Мистер Голдберг недовольно щелкнул языком.
– Очень плохо. Мне хотелось бы иметь дело со всеми заинтересованными сторонами. Но, думаю, в вашем случае никаких непредвиденных трудностей не возникнет. Мистер Джеймс Андерсон назначен единственным душеприказчиком. Вы, надеюсь, отдаете себе отчет в том, что главная цель всех заинтересованных сторон – избежать процедуры утверждения завещания? Таким образом, избранный вариант избавит вас от дополнительных хлопот и расходов. В них нет никакой необходимости в случае, если один из наследников назначается душеприказчиком… Теперь перехожу к оглашению завещания.
Скорее всего, составлял его сам мистер Голдберг, ибо ему ужасно нравилось его зачитывать. За исключением тысячи долларов, предназначенных Лиззи Грин, директрисе пансиона матери в Фарго, вся недвижимость, включая земельные участки, облигации военного займа «Либерти» и счет в банке на сумму полторы тысячи долларов, завещались всем детям и отходили в управление единственного душеприказчика, Джеймса А. Андерсона, но в конечном счете должны быть поделены между всеми наследниками по их взаимному согласию.
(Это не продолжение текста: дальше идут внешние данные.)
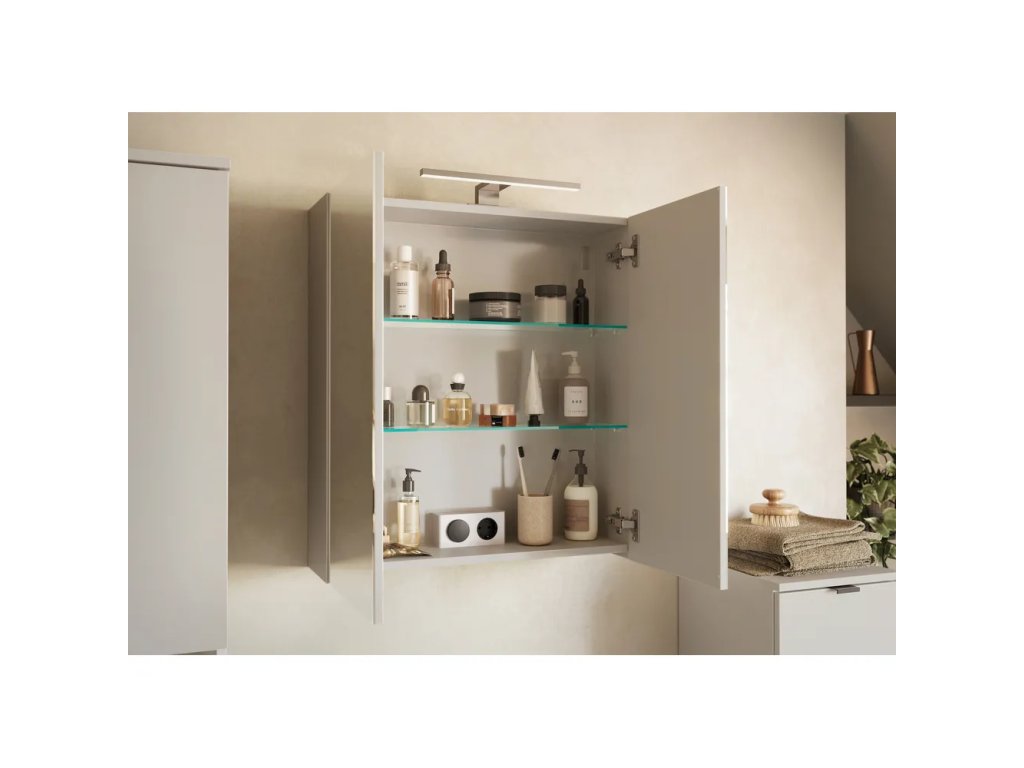 Barva Krémová Šířka 60 cm Výška 71 cm Hloubka 23 cm Váha 14.4 kg Nosnost 12 kg Materiál MDF Povrchová úprava Melamin Materiál poliček Sklo Vlastnosti S dvířky, se zrcadlem, s poličkami, závěsné, s osvětlením Péče Čistit suchým hadřikem, nepouživat agresivní a abrazivní čističe Systém zavírání Soft close (tiché dovírání) Typ Závěsná, se zrcadlem, nad umyvadlo

– Есть ли какие-нибудь вопросы? – сердечно спросил мистер Голдберг. – Может, есть предложения?
Чарли сразу заметил, что Джиму от всего этого явно не по себе.
– Поступило предложение, – продолжал мистер Голдберг тающим, как масло на горячем бисквите, голосом, – чтобы и мистер Чарлз Андерсон, который, насколько мне известно, в скором времени отбывает на Восток, подписал у своего адвоката бумагу о передаче его полномочий, как это сделали его сестры… Дело в том, что все деньги будут направлены под залог в распоряжение компании Андерсона по продаже автомобилей.
Чарли почувствовал, как его окатила ледяная волна. Джим с Хедвиг с тревогой поглядывали на него.
– Я не собираюсь вдаваться в юридические тонкости, – сказал он, – но я хочу получить то, что мне причитается, причем как можно скорее… На Востоке я получил деловое предложение и хочу вложить в это предприятие кое-какие свои деньги.
Тонкая нижняя губа Джима задрожала.
– Чарли, прошу тебя, не будь идиотом, я знаю о бизнесе гораздо больше тебя.
– Ну, о своем – наверное, а вот о моем – сомневаюсь. Теперь в спор вмешалась Хедвиг. Она смотрела на
Чарльза с такой ненавистью, словно хотела его прикончить здесь же, на месте.
– Послушай, Чарли. Пусть Джим поступает так, как считает нужным. Ведь он заботится не об одном себе, но и обо всех нас.
– Ах да заткнись ты! – рявкнул Чарли.